Innovations in Pediatrics - Spring 2017 

Sara Lee, MD Sara Lee, MD

More and more pediatricians are encountering parents who refuse to vaccinate their children. In a recent study in the journal Pediatrics, 87 percent of pediatricians reported the phenomenon – up from 75 percent a decade earlier. Now, a new study from University Hospitals Rainbow Babies & Children’s Hospital points to the importance of the office visit itself in countering this trend. In analyzing surveys from 316 parents from both an urban hospital setting and a suburban ambulatory care setting, researchers found that more than 20 percent changed their mind about vaccination during their child’s office visit.

Half of these parents opted for vaccination during the office visit after previously planning to decline. Unfortunately, the other half declined vaccination during the office after previously planning to accept.

“Previous vaccine refusers did change their minds,” says pediatrician Sara Lee, MD, Pediatrician, UH Rainbow Babies & Children’s Hospital and Assistant Professor of Pediatrics, Case Western Reserve University School of Medicine lead author of the UH Rainbow study. “But we also showed some people who had not previously refused or not intended to refuse a vaccine did refuse the vaccine. There’s definitely something that happens at the visit where parents change their mind.”

The group published its results recently in the journal Clinical Pediatrics.

According to Dr.

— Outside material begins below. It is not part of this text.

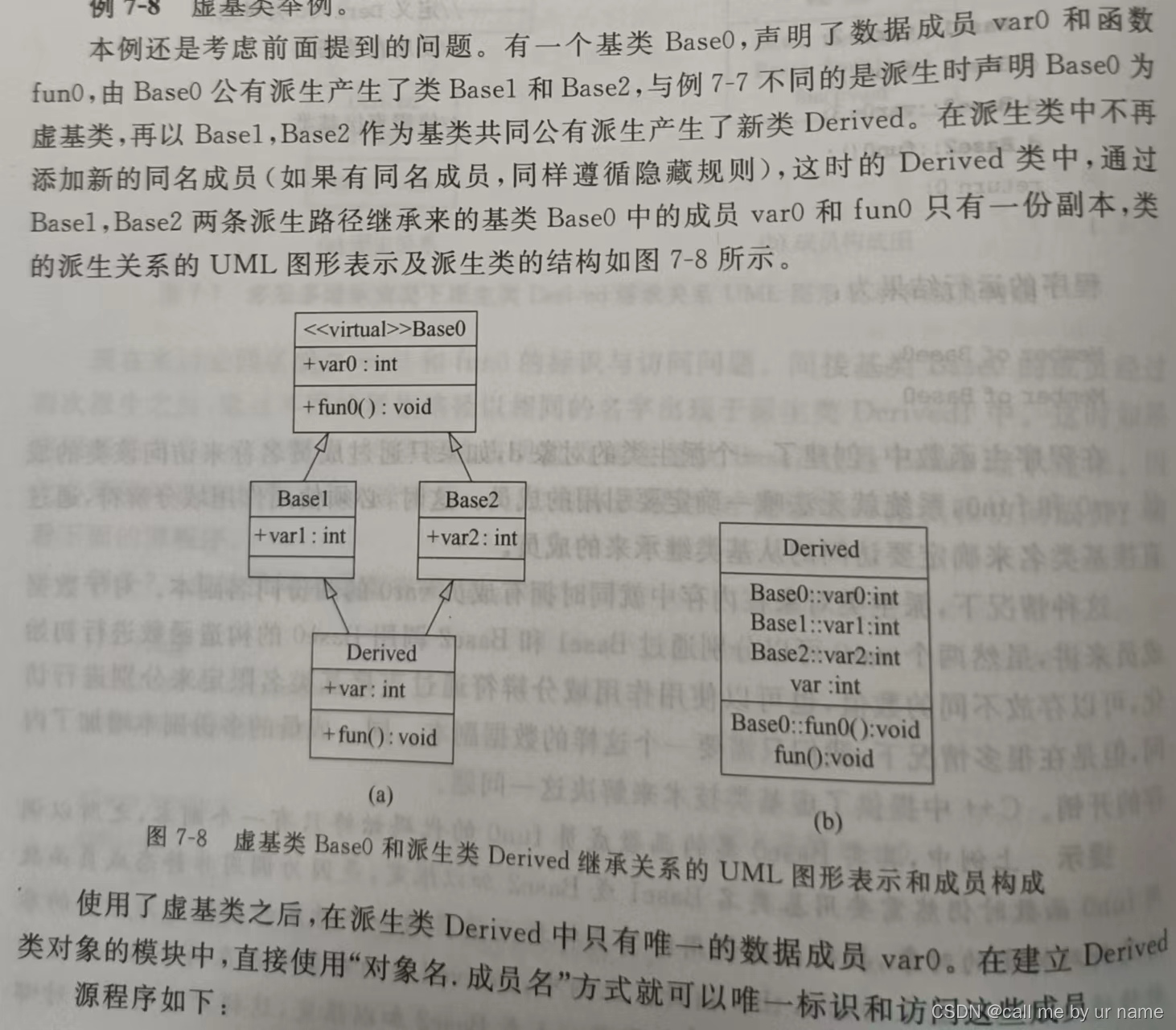 而虚基类只维护一份成员副本,使用更为简洁,内存空间更为节省

Lee, these results emphasize the need for pediatricians to move beyond simply providing vaccine information and education to parents.

“There have been studies showing that information and education are not the key factors,” she says. “Instead, we need to ask other questions. Is it provider recommendation? Amount of trust in the provider? We’re not sure what it is that is causing people to accept vaccines or change their minds. Is it something in your social network that primes you to be more willing to accept what the physician provider tells you? We really need to look more closely to determine what the factors are.”

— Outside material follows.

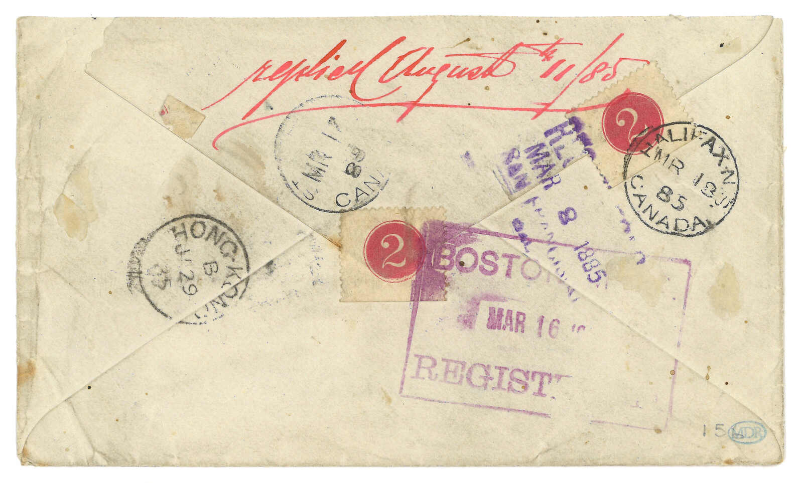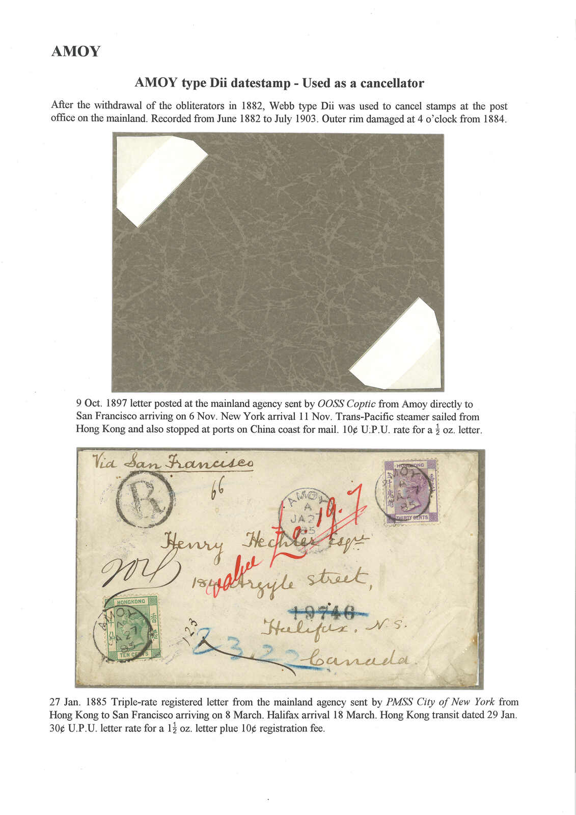 1885.1.27 廈門寄加拿大,右上貼香港維多利亞女皇像30仙,左下貼10仙,銷廈門英局Webb Dii型日戳,旁鈐R章及寫有“via San Francisco”批示。1.29經香港,3.8經三藩市。3.18抵Halifax。(Image 1)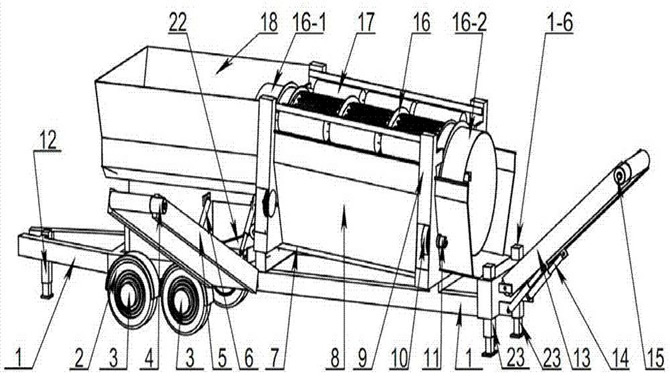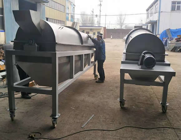移動式滾筒篩分機原料送入圓筒中之后,會被旋轉的圓筒帶起并落下,這種行為將一直反復地沿著圓筒運行著,細的顆粒通過篩孔并從導料槽排出,而粗的顆粒則一直向前運動直到從圓筒篩的尾部排出。

Dr. Lee and her colleagues will be working to determine whether there are certain vaccines parents are more likely to refuse. The HPV vaccine, for example, remains controversial for some parents. They’ll also be interviewing parents who changed their mind about vaccination to identify the underlying reasons for the decision.

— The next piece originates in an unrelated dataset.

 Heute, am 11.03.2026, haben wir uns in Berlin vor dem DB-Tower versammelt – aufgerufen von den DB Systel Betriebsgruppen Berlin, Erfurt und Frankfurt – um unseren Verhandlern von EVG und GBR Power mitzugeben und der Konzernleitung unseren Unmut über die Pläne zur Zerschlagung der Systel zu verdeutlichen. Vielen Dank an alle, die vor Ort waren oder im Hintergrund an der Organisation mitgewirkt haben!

In the meantime, she says a “presumptive” approach to talking with parents about vaccines -- speaking matter-of-factly about the vaccines the child needs at the visit -- may yield greater acceptance than a more “participatory” discussion.

With specific vaccines, there are also certain strategies that are helpful. Presenting the HPV vaccine as a cancer vaccine can be a beneficial approach, Dr. Lee says.

Clearly, there is still much work to do to understand and effectively counter the anti-vaccination trend.

“No parents are trying to harm their child,” Dr. Lee says. “There’s a lot of information to the point of information overload and it’s hard for parents to know what sources of information to trust. At the same time, we need to better understand what’s going on at the visit. More research definitely needs to be done to delineate the key factors that are nudging parents in making a decision.”